Open
Description
When the regex_constants::collate
flag is set, character ranges fail to match characters according to the locale's collation order.
Test case
#include <iostream>
#include <locale>
#include <regex>
using namespace std;
int main() {
const locale de("de_DE");
regex_traits<wchar_t> traits;
traits.imbue(de);
wregex re(L"[a-z]", regex_constants::collate);
re.imbue(de);
const wchar_t eszett = L'ß';
const wchar_t s = L's';
const wchar_t t = L't';
const wchar_t ss[] = {L's', L's'};
const wchar_t minus = L'-';
const auto stransform = traits.transform(&s, &s + 1);
const auto ttransform = traits.transform(&t, &t + 1);
const auto eszetttransform = traits.transform(&eszett, &eszett + 1);
const auto sstransform = traits.transform(begin(ss), end(ss));
cout << regex_match(L"ß", re) << '\n';
cout << (stransform <= eszetttransform
&& eszetttransform <= ttransform)
<< ' '
<< (sstransform == eszetttransform)
<< '\n';
return 0;
}
Expected behavior
The range should match ß
, since ß
collates like ss
and should be sorted between s
and t
(and thus between a
and z
as well).

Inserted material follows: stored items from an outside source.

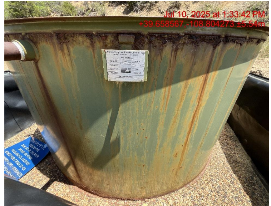
Photo # 9552 Suspected leaks on production tank/tank appears to lack integrity
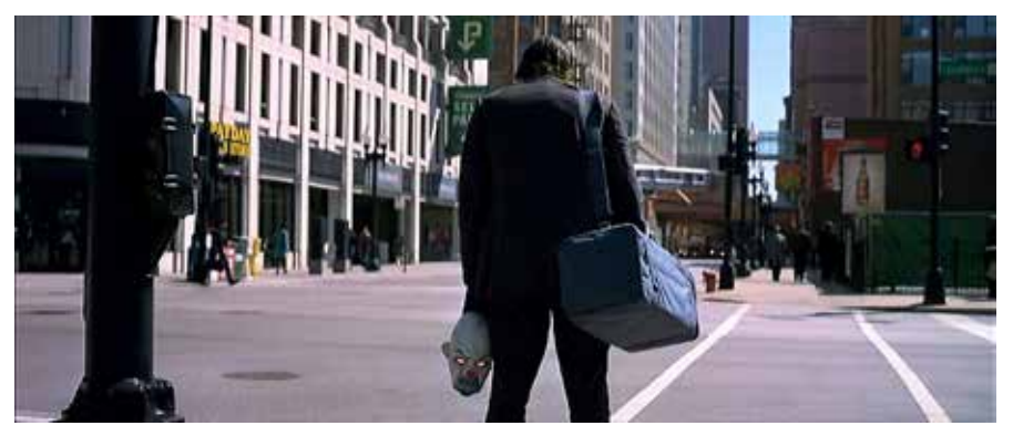
Fig. 18: A natural force of evil? In his first appearance, the Joker just stands on a street corner, seemingly materialized out of nothing. Film still, The DARK KNICHT (Christopher Nolan, US 2008), 00:01:17.

instead attests to the absence of one",<sup>35</sup> making him a being of pure theatricality, a displayed sign of a sign (see fig. 18).<sup>36</sup>
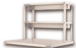
Model Shown Kitchen Gantry
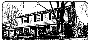
BIRMINGHAM. Bloomfield Village 4 bedroom home. Very private lot with heated in-ground pool. Updated kitchen. Newer sprinkler system. Lots of hardwood floors. Two full, 2 half baths. Nice rec room. Family room and formal dining room. $339,900 626-9100
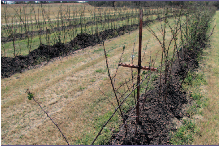
Figure 7. A supported hedge-row training system, with T-posts supporting two parallel wires 18 inches apart and about 30 inches high.

ports simple to make it easier to remove dead floricanes.
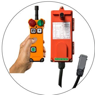
Remote Control Two button - Single Speed Easy Plug & Play Connection
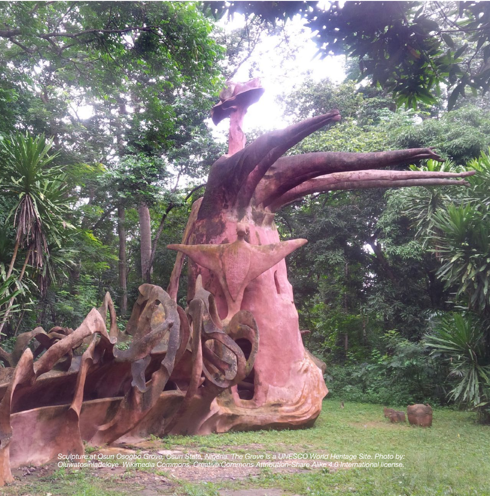
Sculpture at Osun Osogbo Grove, Osun State, Nigeria. The Grove is a UNESCO World Heritage Site.

Yes, there are some private collections of Cultural Property in Nigeria. Two of the largest well-known private collections are owned by Omooba Oluyemisi Shyllon and Professor Wole Soyinka respectively. Omooba Oluyemisi Shyllon is said to have the largest private collection in Africa with over 7,000 artworks of sculptures, paintings, other media , as well as over 55,000 photographic shots of Nigeria's fast disappearing cultural festivals valued in billions of Naira, collected over a period of about 40 years.
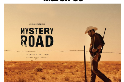
Mystery Road (2013)

Hence, the output of this program should be:
1
1 1
Actual behavior
The range does not match ß
, so the actual output is:
0
1 1
Note that the output of the second line shows that the problem does not lie in the implementation of regex_traits<wchar_t>::transform
, as it returns sort keys that are equal for ß
and ss
and place ß
between s
and t
.